TASK
Beginning at the line with "本指名料金 :+3,000円" in the records below, return each line up to and including the last, exactly as it stands, but not the pictures.

MATERIAL FOR THIS EXERCISE

══════════

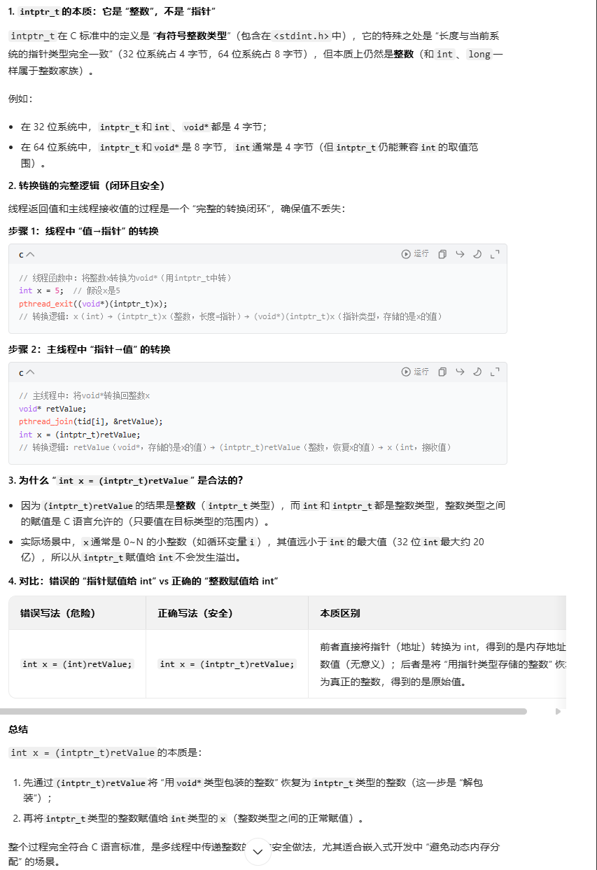 线程回收:主线程通过pthread_join回收子线程资源,程序进入主线程的while(1)循环,持续运行。三、关键知识点与注意事项
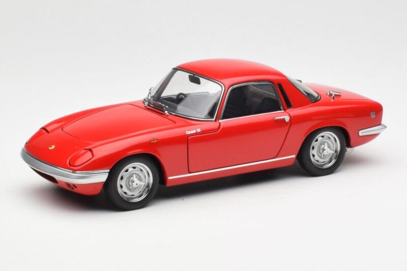 The Lotus Elan S2 SE Coupe Rood AUTOart 1:18 is crafted from Metaal. Die-cast zinc alloy body with detailed plastic parts, rubber tires, and high-quality paint finish. Die-cast models are known for their weight, durability, and realistic feel.
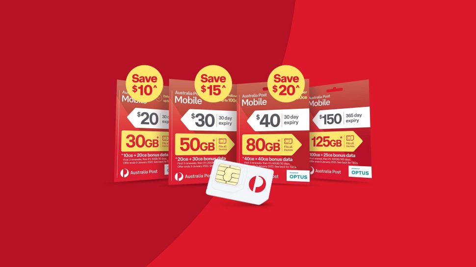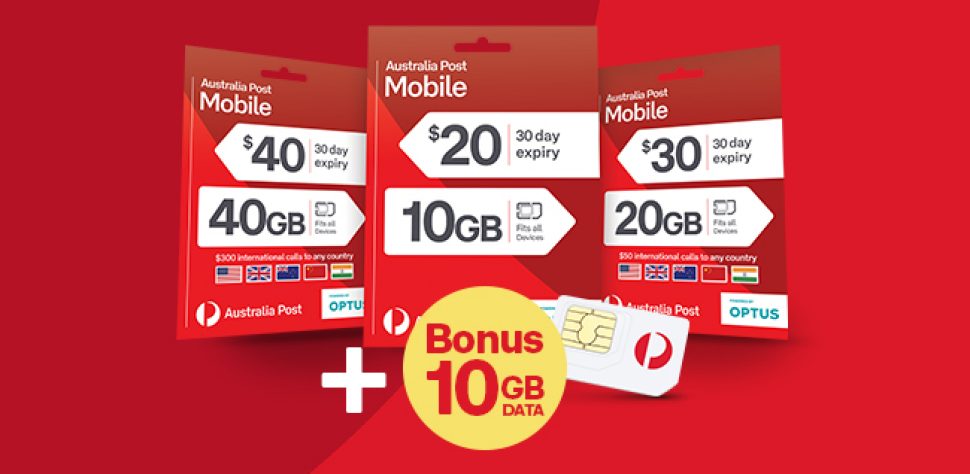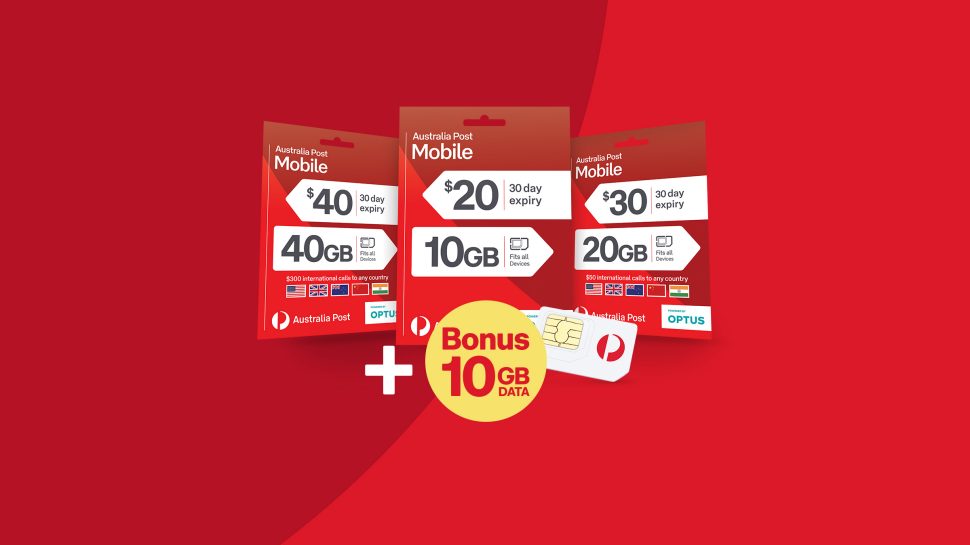 1 Discount offer applies to new customers initial renewal of a $20, $30 and $40 SIM purchases only. Discount offer ends 28 November 2021. New customers get 20GB bonus data (with $20 SIM), 30GB bonus data (with $30 SIM) and 40GB bonus data (with $40 SIM) on first three renewals when you activate an Australia Post Mobile (AP Mobile) SIM Starter Pack on a 30-day plan (including first renewal with activation). Activation and first renewal to receive bonus data must occur between 1 November 2021 and 9 January 2022, remaining two renewals by 10 March 2022.
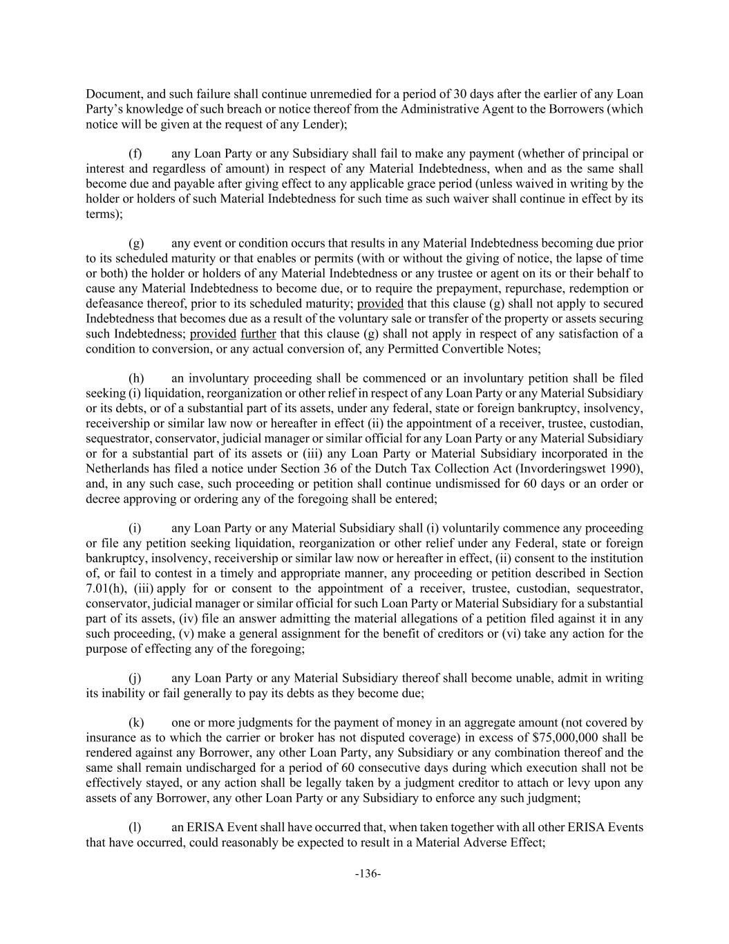 -136- Document, and such failure shall continue unremedied for a period of 30 days after the earlier of any Loan Party’s knowledge of such breach or notice thereof from the Administrative Agent to the Borrowers (which notice will be given at the request of any Lender); (f) any Loan Party or any Subsidiary shall fail to make any payment (whether of principal or interest and regardless of amount) in respect of any Material Indebtedness, when and as the same shall become due and payable after giving effect to any applicable grace period (unless waived in writing by the holder or holders of such Material Indebtedness for such time as such waiver shall continue in effect by its terms); (g) any event or condition occurs that results in any Material Indebtedness becoming due prior to its scheduled maturity or that enables or permits (with or without the giving of notice, the lapse of time or both) the holder or holders of any Material Indebtedness or any trustee or agent on its or their behalf to cause any Material Indebtedness to become due, or to require the prepayment, repurchase, redemption or defeasance thereof, prior to its scheduled maturity; provided that this clause (g) shall not apply to secured Indebtedness that becomes due as a result of the voluntary sale or transfer of the property or assets securing such Indebtedness; provided further that this clause (g) shall not apply in respect of any satisfaction of a condition to conversion, or any actual conversion of, any Permitted Convertible Notes; (h) an involuntary proceeding shall be commenced or an involuntary petition shall be filed seeking (i) liquidation, reorganization or other relief in respect of any Loan Party or any Material Subsidiary or its debts, or of a substantial part of its assets, under any federal, state or foreign bankruptcy, insolvency, receivership or similar law now or hereafter in effect (ii) the appointment of a receiver, trustee, custodian, sequestrator, conservator, judicial manager or similar official for any Loan Party or any Material Subsidiary or for a substantial part of its assets or (iii) any Loan Party or Material Subsidiary incorporated in the Netherlands has filed a notice under Section 36 of the Dutch Tax Collection Act (Invorderingswet 1990), and, in any such case, such proceeding or petition shall continue undismissed for 60 days or an order or decree approving or ordering any of the foregoing shall be entered; (i) any Loan Party or any Material Subsidiary shall (i) voluntarily commence any proceeding or file any petition seeking liquidation, reorganization or other relief under any Federal, state or foreign bankruptcy, insolvency, receivership or similar law now or hereafter in effect, (ii) consent to the institution of, or fail to contest in a timely and appropriate manner, any proceeding or petition described in Section 7.01(h), (iii) apply for or consent to the appointment of a receiver, trustee, custodian, sequestrator, conservator, judicial manager or similar official for such Loan Party or Material Subsidiary for a substantial part of its assets, (iv) file an answer admitting the material allegations of a petition filed against it in any such proceeding, (v) make a general assignment for the benefit of creditors or (vi) take any action for the purpose of effecting any of the foregoing; (j) any Loan Party or any Material Subsidiary thereof shall become unable, admit in writing its inability or fail generally to pay its debts as they become due; (k) one or more judgments for the payment of money in an aggregate amount (not covered by insurance as to which the carrier or broker has not disputed coverage) in excess of $75,000,000 shall be rendered against any Borrower, any other Loan Party, any Subsidiary or any combination thereof and the same shall remain undischarged for a period of 60 consecutive days during which execution shall not be effectively stayed, or any action shall be legally taken by a judgment creditor to attach or levy upon any assets of any Borrower, any other Loan Party or any Subsidiary to enforce any such judgment; (l) an ERISA Event shall have occurred that, when taken together with all other ERISA Events that have occurred, could reasonably be expected to result in a Material Adverse Effect;
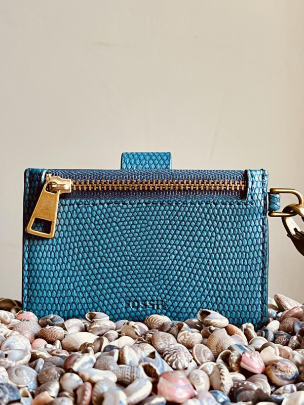 Das Etui verfügt über sieben praktische Kartenfächer, die übersichtlich angeordnet sind und schnellen Zugriff ermöglichen. Eine kleine Reißverschlusstasche auf der Rückseite bietet zusätzlichen Platz für Münzen, Schlüssel oder andere Kleinigkeiten.
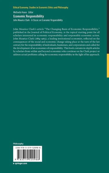 John Maurice Clark's article " The Changing Basis of Economic Responsibility ," published in the Journal of Political Economy , is the topical starting point for all scholars interested in economic responsibility and responsible economic action. John Maurice Clark (1884-1963), a leading institutional economist, reflected on the consequences of the social and economic change taking place at the turn of the last century for the responsibility of individuals, businesses, and corporations and called for the development of an economics of responsibility. This book contains in-depth articles by scholars from within and beyond economics who continue on the Clark project or address actual problems calling for economic responsibility in the light of his approach.
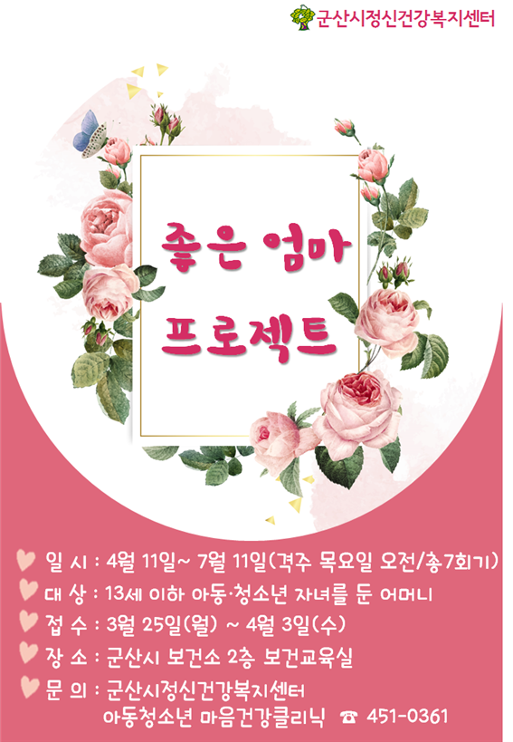 2020년 상반기 군산시 여성사회대학의 수강생을 아래와 같이 모집합니다. 자세한 내용은 첨부한 전단지를 참고해주시기 바랍니다. 1. 모집기간 : 2020. 1. 6. ~ 1. 23.(14일간) ※ 교육기간 : 2020. 2. 3. ~
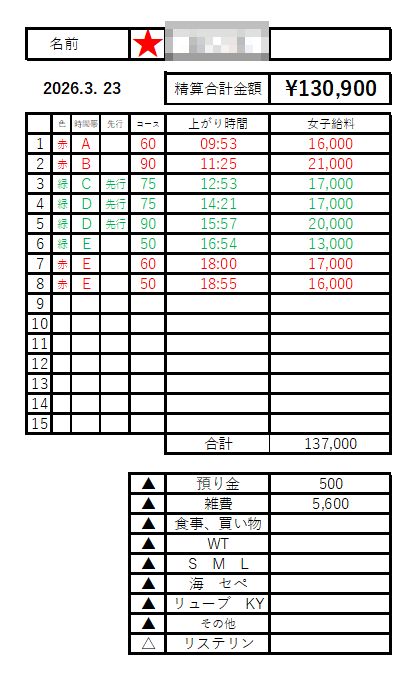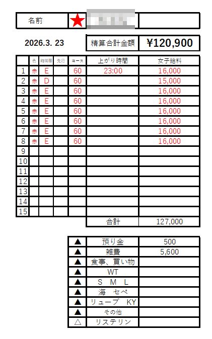 本指名料金 :+3,000円
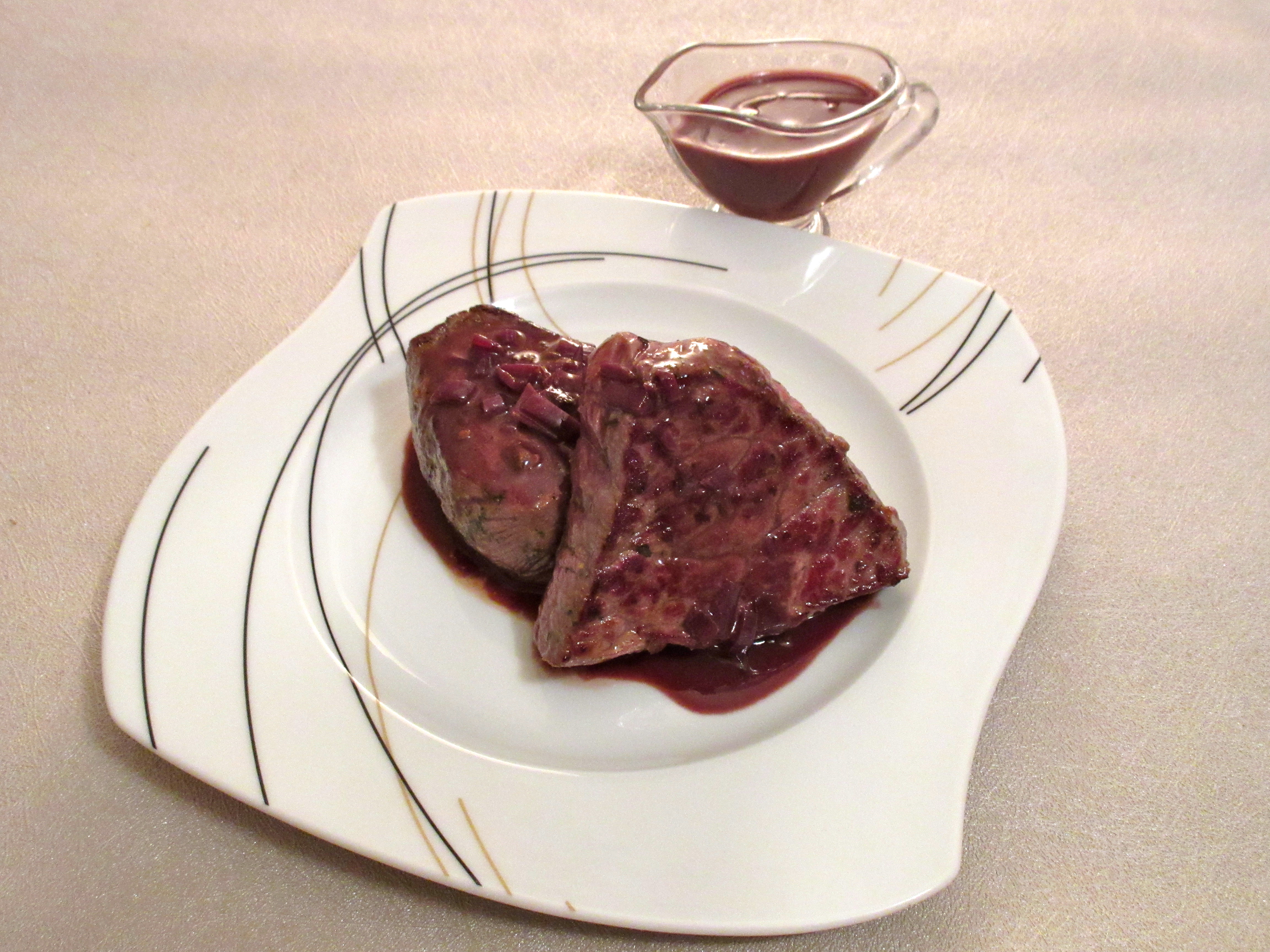 bison, pavés de bison, viande d’exception, sauce, sauce au vin rouge, sauce au chocolat, sauce au vin rouge et chocolat, chocolat, gibier, viande, sauce pour gibier, vin rouge
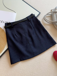 复古仿牛仔短裙女2025早秋新款小个子显瘦高腰外穿百搭直筒包臀裙
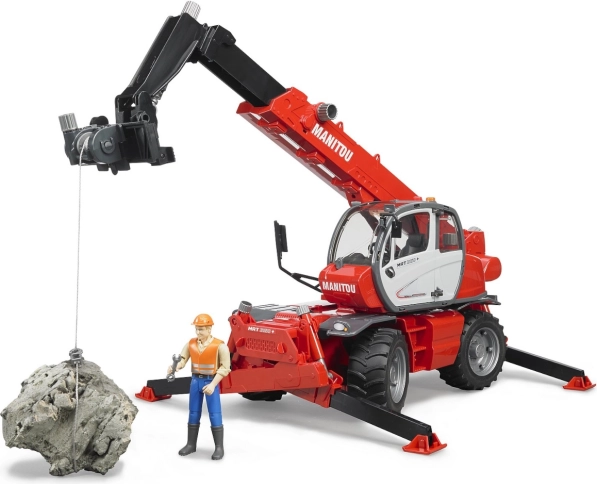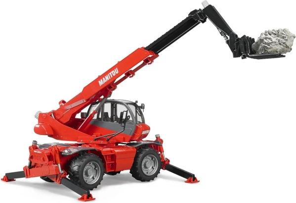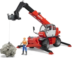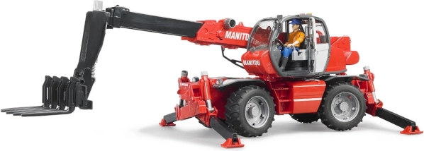 Un modèle détaillé du chariot télescopique MANITOU MRT 2150 de la marque Bruder qui ravira les petits bâtisseurs comme les collectionneurs. Il offre une cabine rotative à 360°, une direction à quatre roues pour un petit rayon de braquage et des outils interchangeables (godet, fourches, panier pour palettes). La stabilité est assurée par quatre stabilisateurs télescopiques. Finition de qualité en plastique résistant, fabriqué en Allemagne.
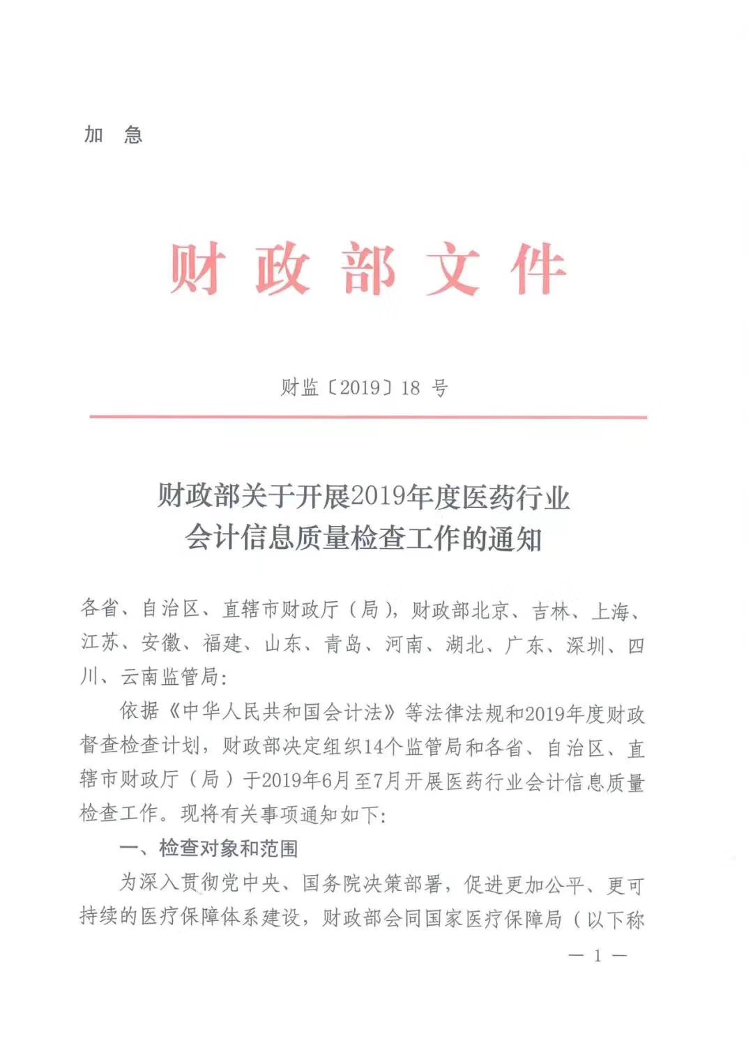 6月4日,国家财政部发布《财政部开展2019年度医药行业会计信息质量检查工作》,宣布为深入贯彻党中央、国务院决策部署,促进更加公平、更可持续的医疗保障体系建设,依据《中华人民共和国会计法》等法律法规和2019年度财政督查检查计划,财政部决定组织部分监管局和各省、自治区、直辖市财政厅(局)于2019年6月至7月开展医药行业会计信息质量检查工作。
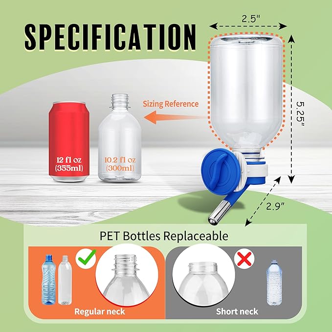 - ๐พ Mini-sized Nozzle (10mm) is perfect for small animals, especially for Hamster/ Hedgehog/ Sugar Glider/ Rat/ Mice. Made of BPA Free Material/ 10.2 oz Capacity.
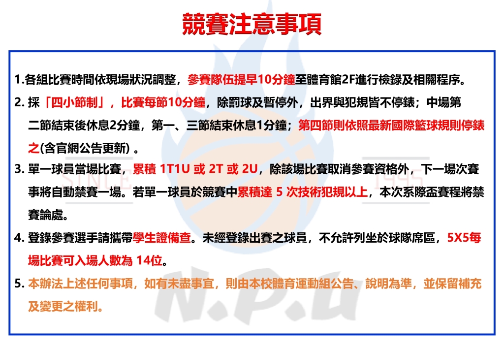 國立澎湖科技大學114學年度全校系際盃籃球錦標賽-5X5男子組 注意事項
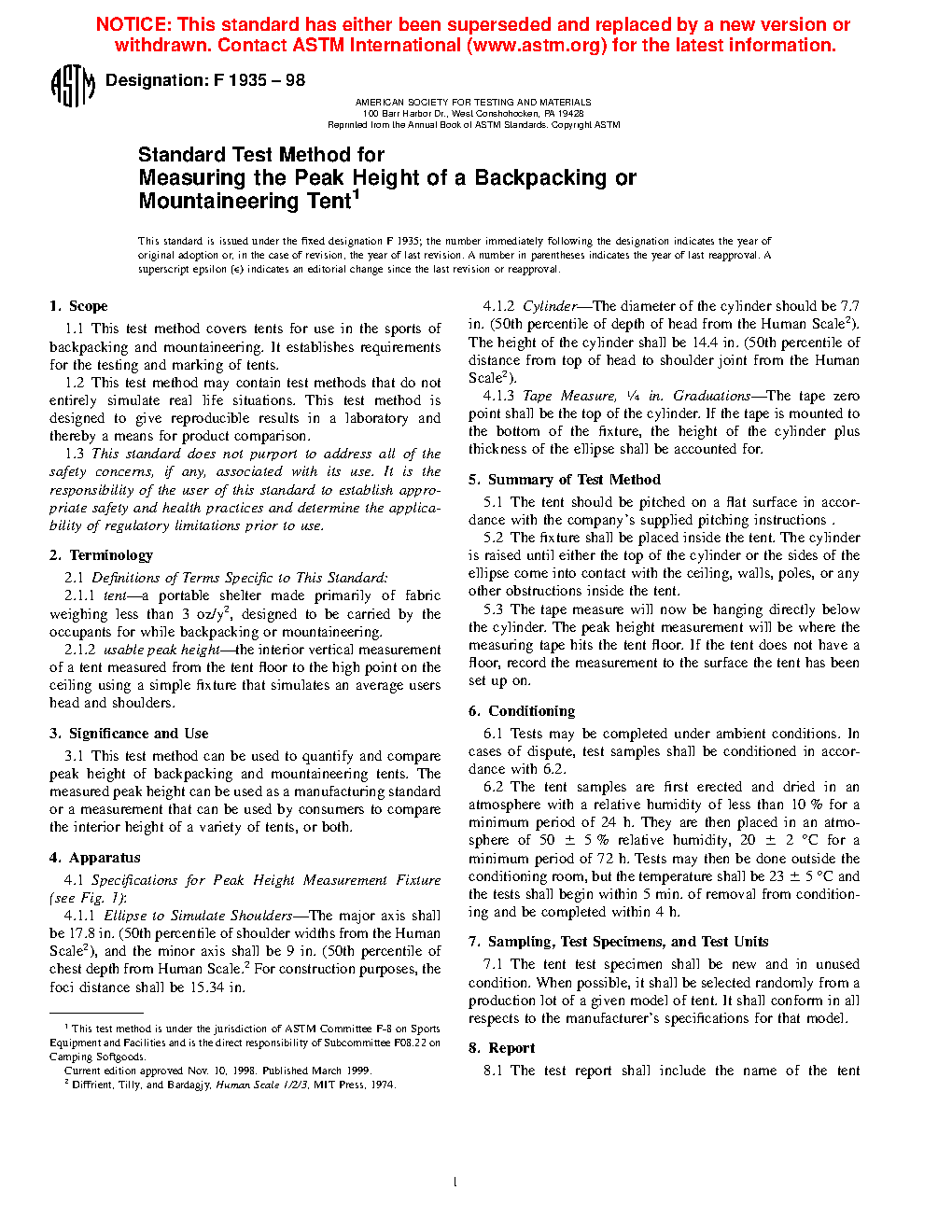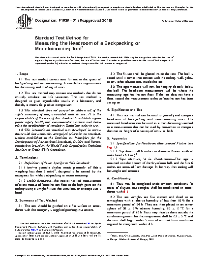 1.1 This test method covers tents for use in the sports of backpacking and mountaineering. It establishes requirements for the testing and marking of tents.

══════════

SOLUTION TO THE PROBLEM
 本指名料金 :+3,000円
 bison, pavés de bison, viande d’exception, sauce, sauce au vin rouge, sauce au chocolat, sauce au vin rouge et chocolat, chocolat, gibier, viande, sauce pour gibier, vin rouge
 复古仿牛仔短裙女2025早秋新款小个子显瘦高腰外穿百搭直筒包臀裙
 Un modèle détaillé du chariot télescopique MANITOU MRT 2150 de la marque Bruder qui ravira les petits bâtisseurs comme les collectionneurs. Il offre une cabine rotative à 360°, une direction à quatre roues pour un petit rayon de braquage et des outils interchangeables (godet, fourches, panier pour palettes). La stabilité est assurée par quatre stabilisateurs télescopiques. Finition de qualité en plastique résistant, fabriqué en Allemagne.
 6月4日,国家财政部发布《财政部开展2019年度医药行业会计信息质量检查工作》,宣布为深入贯彻党中央、国务院决策部署,促进更加公平、更可持续的医疗保障体系建设,依据《中华人民共和国会计法》等法律法规和2019年度财政督查检查计划,财政部决定组织部分监管局和各省、自治区、直辖市财政厅(局)于2019年6月至7月开展医药行业会计信息质量检查工作。
 - ๐พ Mini-sized Nozzle (10mm) is perfect for small animals, especially for Hamster/ Hedgehog/ Sugar Glider/ Rat/ Mice. Made of BPA Free Material/ 10.2 oz Capacity.
 國立澎湖科技大學114學年度全校系際盃籃球錦標賽-5X5男子組 注意事項
 1.1 This test method covers tents for use in the sports of backpacking and mountaineering. It establishes requirements for the testing and marking of tents.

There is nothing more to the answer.